Starting out with a ten-minute live demo from an expert screen reader user, Samuel Proulx will introduce you to not only how they work, but the thought processes behind using the Internet with a screen reader. What are some of the most important things to take into account when attempting to construct a mental model of a screen reader user? How do these effect the way you think about designing for accessible, public use? How can civic designers learn to move beyond thinking visually, to create designs that work for everyone? After this introduction, the floor will open to your questions! If you have burning questions about how people who are blind use the Internet, or what design patterns work best and why or why not, this is your chance! Ask any question at all in an open, safe learning environment.

Key Insights

  • Screen reader users do not navigate web pages linearly like listening to a podcast; they jump between semantic landmarks like headings and regions.

  • Assistive technology settings are heavily customized by users and rarely used in their default configurations.

  • Proper semantic HTML usage is critical because screen readers rely on code structure, not visual styling.

  • Hover-only interactive elements are inaccessible unless they provide keyboard-accessible alternatives or are always visible.

  • Moving keyboard focus programmatically is essential for announcing changes like expanded menus or dialog pop-ups to screen reader users.

  • ARIA attributes like aria-pressed and aria-expanded communicate visual state changes to assistive technologies.

  • Error messages for form validation must be concise when announced automatically but allow users to get details at their own pace.

  • Custom hotkeys must be designed carefully to work well with screen reader interception and consider user familiarity.

  • Screen readers can use different voice profiles for metadata, but these are user-controlled settings, not controlled by websites.

  • Accessibility responsibility should be distributed across design, development, and content teams, not isolated to one person.

Notable Quotes

"The experience that I’m having is probably 10 times faster than the experience of having the voice at a slower speed."

"Assistive technology is not a one-size-fits-all solution."

"We’re not going to start from the top.
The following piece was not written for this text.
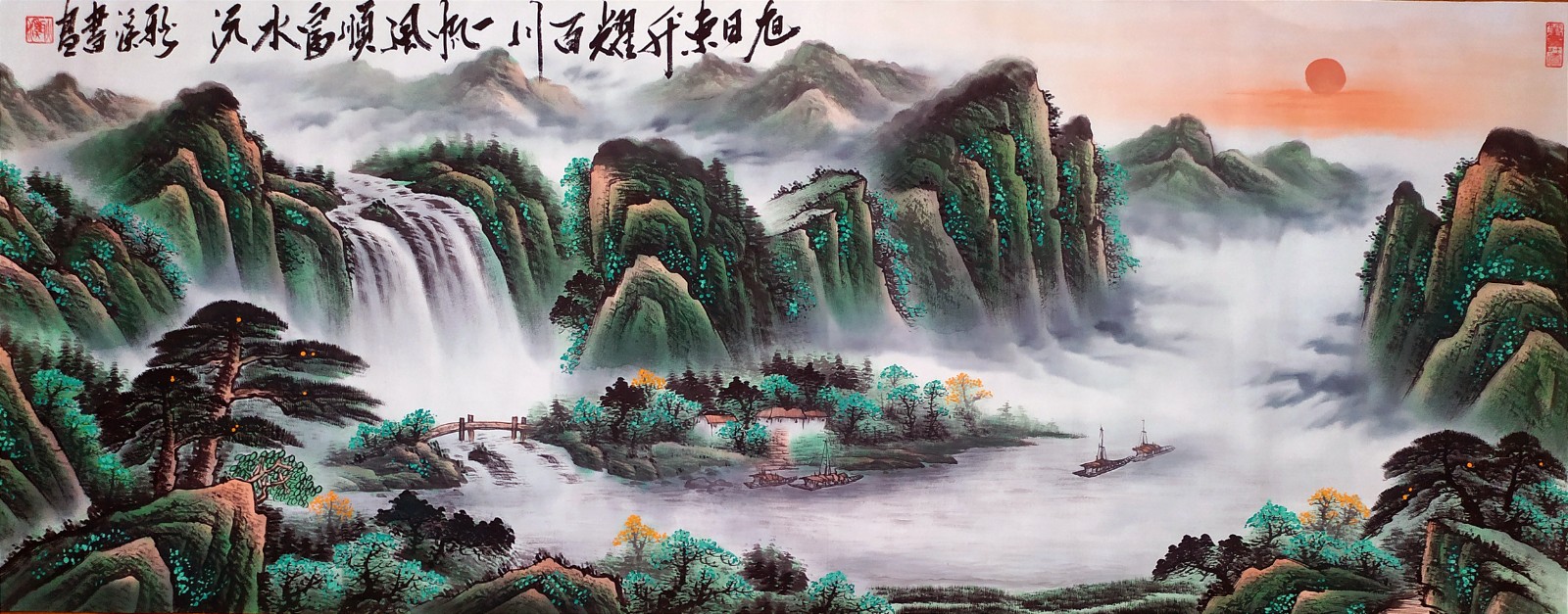 2023年作品,国画-旭日东升耀百川,一帆风顺富水流180x70cm

We’re going to use headings and landmarks to quickly scan a webpage."

"If something is only visible via hover, it needs to be visible to the screen reader at all times or have an alternative."

"If you press a button and the semantics haven’t changed or the focus hasn’t moved, as far as I’m concerned, nothing has happened."

"It can be very useful to put key status information, like new messages, into the page title so screen readers can alert users automatically."

"Visual states like an upvote button being pressed must be communicated with ARIA attributes or focus changes."

"Accessibility has to be distributed throughout the team — it can’t be just one person’s responsibility."

"There’s a balancing act with error messages: short enough to be processed immediately, detailed enough to explore as needed."

"Screen reader hotkeys can intercept keys, so when creating custom hotkeys, you have to ensure they work smoothly for screen reader users."